Where shareholders fail to put in place a Shareholders Agreement, shareholders who are in dispute commonly have to look at the legislation and case law governing Companies.  This leaves a disgruntled shareholder with limited options available.

Being commercial solicitors we are greatly experienced in dealing with shareholders disputes and our commercial litigators have an understanding that such disputes should not affect the goodwill of the business.


Shareholders in deadlock

Dealing with the first problem: deadlock.  This can easily occur where the shareholders cannot reach a decision – all have even voting rights and there is no majority shareholding to determine.   This ultimately means that either the disgruntled shareholder sells his shares or the Company is wound up.   The normal problems which occur if a shareholder wishes to sell and leave are (1) agreeing a value for the shareholding and (2) agreeing the payment terms.    Under the articles of association of the Company it is quite likely that it will stipulate that the Company’s accountant will value the shares at fair market value based on a willing seller/willing buyer principle.  The problem which can arise is if the valuation does not necessarily accord with the selling shareholders’ thoughts and therefore a second valuation is carried out.   A further problem is that even if the share price can be agreed, few shareholders can buy each other out with a lump sum payment – often payment is spread over equal installments.    This can only work however if one party agrees to sell – often the issue is that neither party wants to sell and buy doing so the Company continues to trade without any decisions being made.

There are two ways in which a Shareholders Agreement could solve this and they are appropriately known as “Russian Roulette” or “Texas Shoot Out”.  Under the Russian Roulette scheme, once there is deadlock any shareholder may serve notice on the other either requiring the other shareholder to purchase all its shares or requiring the other party to sell.  There is a period to accept the offer.   Under the Texas Shoot Out scheme, a shareholder may serve notice on the other side stating that he is willing to buy the other shareholder out and at what price.  The other shareholder then has a set period of time to accept the offer or make a counter-offer at a higher price.  This can sometimes lead to a sealed-bid.

Ultimately however if neither party can agree to buy the other out and the relationships of the parties have irretrievably broken down, then the simplest way forward could be for the Company to be wound up and the assets sold.

Winding up the Company can be achieved by agreement and the parties could look to place the company into a members’ voluntary liquidation. However, where the parties cannot agree to wind the Company up a minority shareholder can apply for a “just and equitable winding up” of the Company under the insolvency legislation.   This is often viewed by a disgruntled shareholder as a last resort as winding up a Company will mean the loss of jobs for its employees.

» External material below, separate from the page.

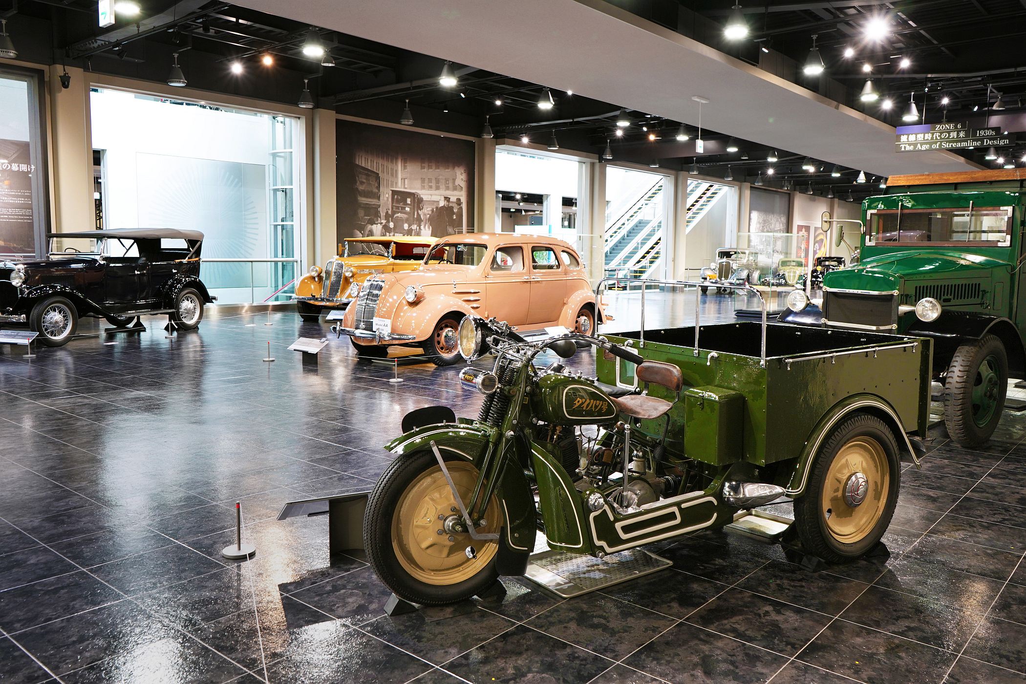 Entre os modelos mais famosos dos primórdios do automóvel está o Benz Patent Motorwagen de 1886 (réplica do original), o Panhard et Levassor 6HP Wagonette de 1898, ou o incontornável Ford Model T Touring de 1909. Existem também diversos Citroën, Renault, Rolls-Royce até um Fiat 500 Topolino de 1936. Do mesmo ano, estão disponíveis dois exemplares do Toyoda AA que foi o primeiro automóvel de passageiros produzido pela companhia japonesa.

Unfair prejudice to minority shareholder

Where a shareholder feels that the Company is being conducted in a manner which is unfairly prejudicial to him he may bring a claim under section 994 of the Companies Act 2006 which is a court involved procedure and is therefore somewhat subjective in its nature as each court case is decided on its particular facts.   Section 994 states that “A member of a company may apply to the Court by petition for an order…… on the ground (a) that the company’s affairs are being or have been conducted in a manner that is unfairly prejudicial to the interests of members generally or of some part of its members (including at least himself), or (b) that an actual or proposed act or omission of the company (including an act or omission on its behalf) is or would be so prejudicial.”   There are therefore two elements to the requirement and both must be present to succeed:

  1. The conduct must be prejudicial or harmful to the shareholders
  2. It must be unfair.

Meeting these two elements is complicated and expensive and the most common remedy provided by the Court is to order that the disgruntled shareholders’ shares are purchased by the majority shareholder.